# Lost Red Jackon 4Fun on Clear Creek...



## summitpaddler (May 10, 2011)

Poor little boat didn't even see it coming... neglectful parent too busy saving own life whilst failing to kayak to keep an eye on the boat....

Last seen below the take out of the Idaho Springs run...

Any sightings/info would be greatly appreciated....

i miss her already....

colin
970-393-0172


----------



## egillaspy1 (Apr 4, 2006)

Hot little red boat. I chased her all the way to the takeout, but alas, she is gone. Nice boating with her...thanks for the six pack. 
E


----------



## justin.payne (Oct 28, 2009)

I do believe I saw it pinned. There were some fireline no crossing tape up where it was pinned under the water.


----------



## justin.payne (Oct 28, 2009)

Either right above Screaming quarter mile, or right below.


----------



## summitpaddler (May 10, 2011)

Nice! Thanks for the heads up. I'll venture down after work today and see what I can see.


----------



## T.J. (Apr 24, 2007)

I believe that boat is a Dagger Mamba. That is also red. At least it was last week. I doubt your boat traveled that far down the river.


----------



## CUBuffskier (Jul 7, 2005)

If it did make it from idaho springs to screamin quarter mile, I want a report on if you can still paddle that hunk of plastic.


----------



## summitpaddler (May 10, 2011)

Hell, I'm doubting if I can paddle ANYTHING at this point after failing so epically yesterday.... Heheheh

Thanks for all the info... Sounds like it probably wouldnt be worth the drive from Breck for what is probably the mamba, eh?


----------



## egillaspy1 (Apr 4, 2006)

*paddlin*

I am running Idaho springs town run today and I ll look for it on the way up 6. That boat in screaming 1/4 mile has been there almost a week I think. It s not your boat. If you can come up with a boat, lets do Foxton on friday. I am off at 2 ish. Good luck, and again thanks for the beer. E


----------



## johnnyww (Oct 18, 2003)

Colin, We have your boat at Clear Creek Rafting Co. in Idaho Springs. We will also call you. 

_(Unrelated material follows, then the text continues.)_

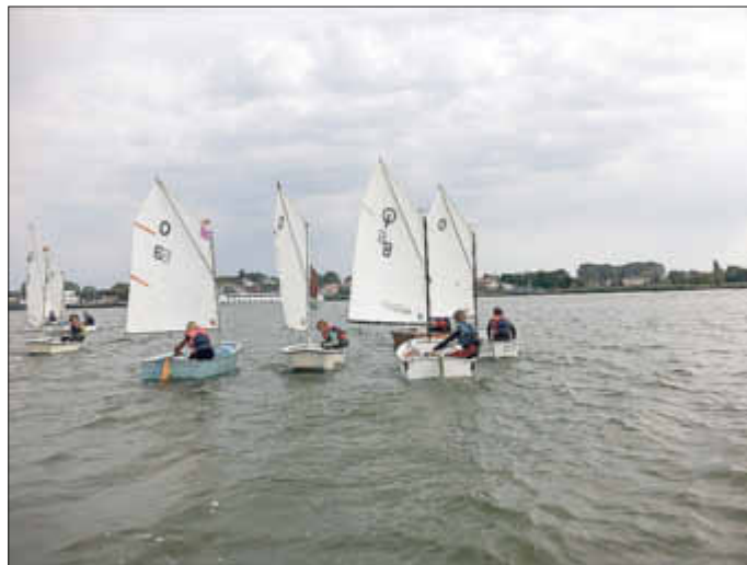
Unsere Opti - Flotte vor Peenemünde

Junge Segler aus Karlshagen, Peenemünde, Kröslin, Zinnowitz, Wolgast und Berliner Gäste trafen sich in der vorletzten Ferienwoche zu unseren bewährten Sommer-Segellagern in Peenemünde und Kröslin. In Peenemünde waren die 8 Jüngsten in der Bootsklasse „Opti“ dabei, unsere 16 Jugendlichen von 14 - 18 Jahren segelten 420er, Laser und FD (Flying Dutchman).

Please everyone, if you loose your boat in Clear Creek County, call the sheriffs office and give them the details of where and let them know if you/everyone is ok. Today it caused the whole swiftwater team, fire dept, and everyone else.... down there getting this boat unpinned from a rock above tunnel 6 expecting a person to still be in it. We as boaters know that it is usually just gear in these situations, but the rest of the public and sheriff/fire dept. don't. The Clear Creek County Sheriff's phone number is 303-679-2393.

Thanks, John Rice


----------



## summitpaddler (May 10, 2011)

*Thanks!*

Clear creek county sheriff dragged it out this morning. My sincere thanks to everyone for helping out- I needed all the help I could get!

Also-lesson learned- call the sheriff when boat is lost, not state patrol....


----------